O Supremo Tribunal Federal (STF) realizará nesta quarta-feira (16) um julgamento que talvez fosse desnecessário se o Legislativo tivesse feito seu próprio trabalho.
Trata-se de, a pedido do PC do B, dissipar dúvidas relativas aos ritos que devem ser observados durante o processo de afastamento da presidente Dilma Rousseff (PT).
As incertezas são variadas. Editada em 1950, a lei que regula o impeachment (1.079) abriga até hoje inúmeros dispositivos procedimentais que conflitam com a Constituição de 1988. O mesmo pode ser dito em relação aos regimentos internos da Câmara dos Deputados e do Senado, embora esses passem por frequentes atualizações.
Tome-se a comissão especial que analisará o impeachment. A lei 1.079 estatui que esse colegiado será eleito, mas não diz de que modo (art. 19). Como o regimento da Câmara prescreve escrutínio secreto (art. 188, III), o presidente da Casa, Eduardo Cunha (PMDB-RJ), adotou essa forma de votação.
Entre as questões que ora compete ao Supremo decidir está essa determinação de Cunha.
Nesse ponto, contudo, não parece haver maiores dificuldades. O STF já definiu que as exceções ao princípio da publicidade nas deliberações parlamentares devem estar explícitas na Constituição, e não é esse o caso da comissão especial. Faz sentido, pois o cidadão tem todo o direito de saber como vota seu representante no Congresso.

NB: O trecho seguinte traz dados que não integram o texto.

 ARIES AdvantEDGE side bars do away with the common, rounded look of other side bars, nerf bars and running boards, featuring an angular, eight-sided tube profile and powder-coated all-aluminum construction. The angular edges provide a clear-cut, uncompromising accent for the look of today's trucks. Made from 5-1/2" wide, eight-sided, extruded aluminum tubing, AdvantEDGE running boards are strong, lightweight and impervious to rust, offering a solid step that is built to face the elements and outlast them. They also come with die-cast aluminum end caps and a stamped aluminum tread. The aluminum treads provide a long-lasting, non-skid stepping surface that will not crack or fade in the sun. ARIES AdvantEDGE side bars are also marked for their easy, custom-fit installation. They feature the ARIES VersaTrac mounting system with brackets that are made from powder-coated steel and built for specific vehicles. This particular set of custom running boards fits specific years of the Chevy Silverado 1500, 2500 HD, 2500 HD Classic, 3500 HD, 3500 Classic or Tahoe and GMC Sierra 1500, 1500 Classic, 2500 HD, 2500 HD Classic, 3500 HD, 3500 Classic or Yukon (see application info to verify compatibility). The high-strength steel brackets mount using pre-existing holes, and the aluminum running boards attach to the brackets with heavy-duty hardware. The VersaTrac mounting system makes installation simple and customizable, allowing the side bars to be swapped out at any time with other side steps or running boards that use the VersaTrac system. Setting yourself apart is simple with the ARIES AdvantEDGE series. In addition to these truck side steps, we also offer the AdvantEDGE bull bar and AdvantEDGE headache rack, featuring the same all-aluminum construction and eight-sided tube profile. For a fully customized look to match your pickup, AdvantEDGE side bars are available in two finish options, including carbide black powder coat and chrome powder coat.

Outros temas, no entanto, têm potencial para suscitar debates acirrados. Um deles diz respeito ao momento em que se considera instaurado o processo contra o presidente da República no Senado. A discussão é das mais relevantes porque só então o chefe do Executivo será afastado do cargo.
Em seu parecer, o procurador-geral da República, Rodrigo Janot, defende, com razão, que se repita hoje o roteiro adotado à época de Fernando Collor, em 1992. Na ocasião, o início do processo no Senado só ocorreu após parecer de uma comissão especial da Casa ser aprovado pelo plenário.

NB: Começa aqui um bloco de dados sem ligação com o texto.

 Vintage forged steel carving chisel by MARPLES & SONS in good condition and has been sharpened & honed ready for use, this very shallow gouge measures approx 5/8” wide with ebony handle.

Para a oposição, tal sugestão representa verdadeiro acinte; não caberia aos senadores rediscutir um juízo já proferido por pelo menos dois terços (342) dos deputados.
A divergência sobrevive porque o STF, nos julgamentos do caso Collor, não esgotou todas as dúvidas existentes –muitas das quais ligadas ao fato de que, quando se trata de impeachment, a Constituição de 1988 deu a cada uma das Casas do Legislativo um papel diferente daquele atribuído pela Carta de 1946.
A rigor, nem caberia ao Supremo estabelecer o procedimento em seus pormenores; essa é uma função do Congresso, a quem compete aprovar leis. Os legisladores, entretanto, falharam grosseiramente nessa missão –e é espantoso que ainda acusem o Judiciário de se imiscuir num assunto político.